Lap dances are illegal in Clark County, where Las Vegas is, but the law is so vague that it's rarely enforced in the clubs in the county outside the city.
Things are looser in Las Vegas itself. Lap dances are permitted in six clubs in the city, and tips may be slipped into G-strings -- though fondling is off-limits. The new county rules will not apply within Las Vegas.
An 18-month undercover police investigation had found lap dancing led to simulated sex acts, "excessive grinding" and, in some cases, prostitution. County Commissioner Yvonne Atkinson Gates wanted to change that, so she proposed banning dancers and customers from touching each other's buttocks, genitals or breasts during lap dances.
As of Sept. 1, lap dances will be legal, but dancers won't be able to touch or sit on the customer's genital area.
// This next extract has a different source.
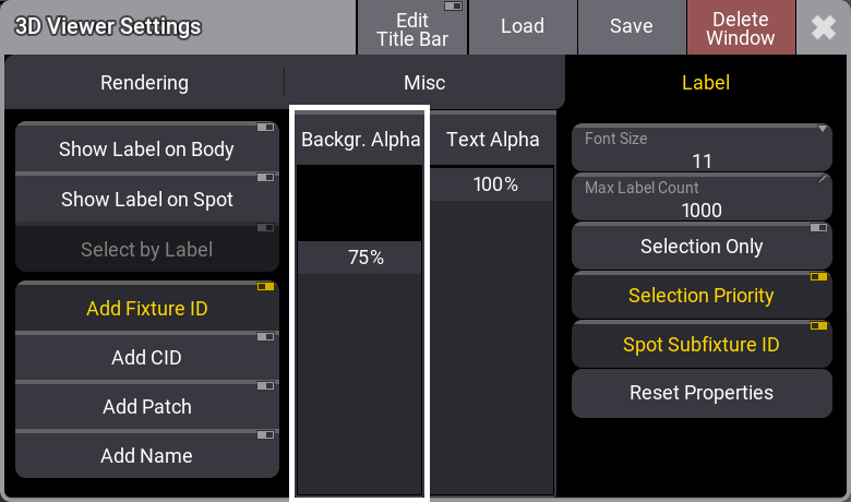 This on-screen fader sets the transparency of the text displayed on the label. -

They are allowed to touch and dance on a customer's legs. Stuffing dollar bills in G-strings will be prohibited.
Most people attending the commission's meeting were displeased with the new rules.
"You're confusing sex with titillation," Dr. Jeffrey Arenswald told the commission. "You have some repressed sexual ideas."
At that, Gates banged her gavel.
"I'm not doing this because of my sexual anything," Gates said. "I'm doing this because I think it's right."
Commission members viewed two surveillance tapes of undercover activity at strip clubs before voting. The public watched the racy videos, too, in a separate room.